1745923 Members
4144 Online
108723 Solutions
New Discussion юеВ

HP Virtual Vault

 

HP Virtual Vault

can any one share some knowledge of HP Vitual vault.
5 REPLIES 5
spex
Honored Contributor

Re: HP Virtual Vault

Hi,

From http://docs.hp.com/en/J4255-90011/apas01.html:

The HP Praesidium VirtualVault is a trusted web platform that allows you to conduct business safely on the World Wide Web. VirtualVault is designed to securely connect internal, enterprise applications with clients on an external, untrusted network.

PCS
Mel Burslan
Honored Contributor

Re: HP Virtual Vault

This following is not coming out of a book.
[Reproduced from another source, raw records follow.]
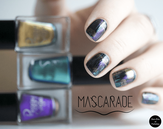 Imaginez les couleurs d’une plume de Paon en version métallique ? Vous imaginez tous les reflets que ça peut donner ? Et là, à cet instant très précis, vous vous dites que ça serait dingue et qu’il faut absolument des vernis comme ça ?! Et si je vous disais que c’est exactement la promesse de cette collection automnale ? Mascarade, c’est une collection de 6 minis vernis duchromes pour un effet maxi !
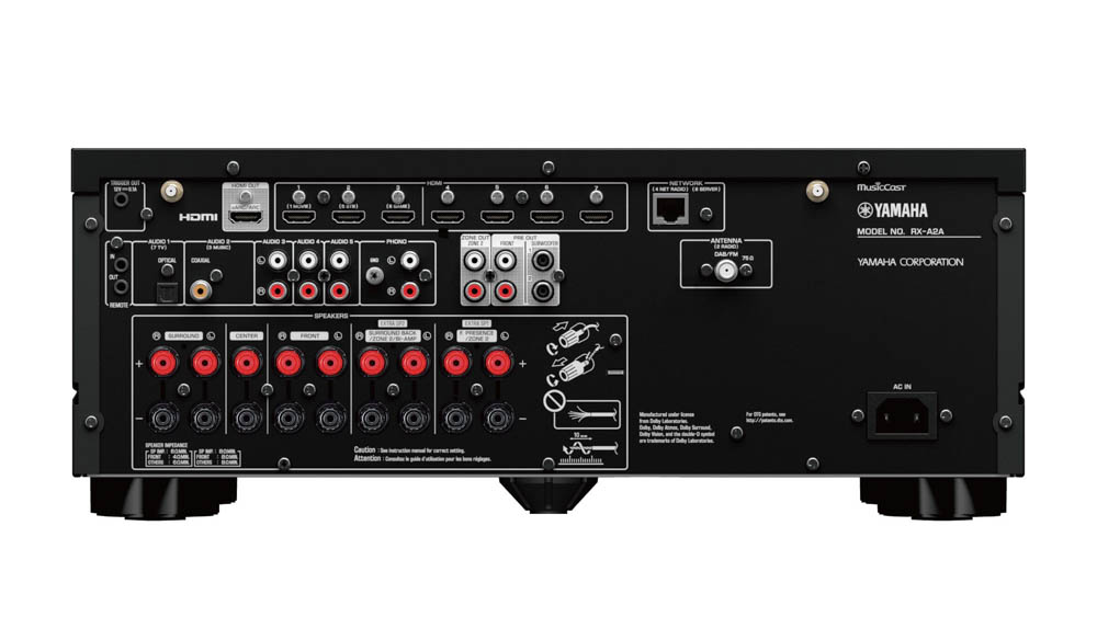 RX-A2A er en 7.2-receiver som yter 100 watt i 8 ohm med drift i to kanaler, og kan selvfølgelig konfigureres i et 7.2 eller 5.2.2-oppsett.
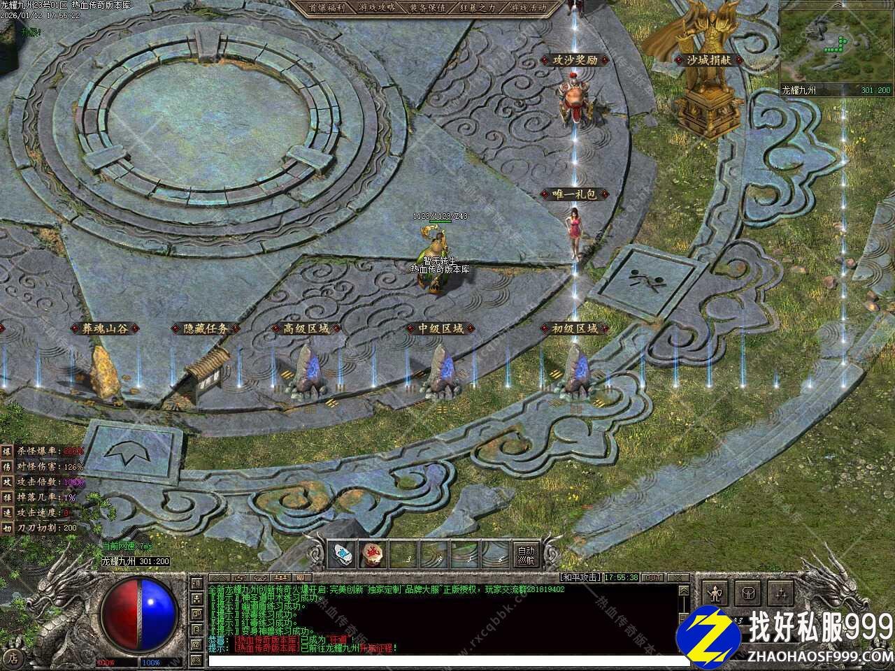 二.本服升级很快,打怪速升级到80,打到聚灵珠可以在等级使者那里升级,等级使者NPC所在位置在一大陆龙耀九州290 184处。同时转生也不难,一大陆转生处只要打青龙神石即可,转生使者NPC所在位置在一大陆龙耀九州292 184处。

This is from my own experience with it, totalling a whopping year and change with an icluded week of official HP training. So take it with a grain of salt.

HP Virtual Vault is an operating system, similar to unix, especially to HP-UX but not identical. It has your standard unix command set at your disposal with some modifications to some of the commands and some additional security enhancement commands.

Under virtual vault, your data is compartmentalized and even if you are root, you can not cross the compartment boundaries usuing casual sysadmin tricks.

There is no free ride on the system. Even the single user mode is password protected and no you can not change it. If you forget your root/superroot password, you might as well kiss your system and all the data goodbye.

History of the OS: The system was developed by Securiy First Inc. and its predecessors, for a military contract armed forced opened a long time ago. After military was granted license to use it, system was still the property of Security First Inc, and it was used to host the first internet bank of the world called "Security First Network Bank" at the address sfnb.com, now part of rbc centura bank.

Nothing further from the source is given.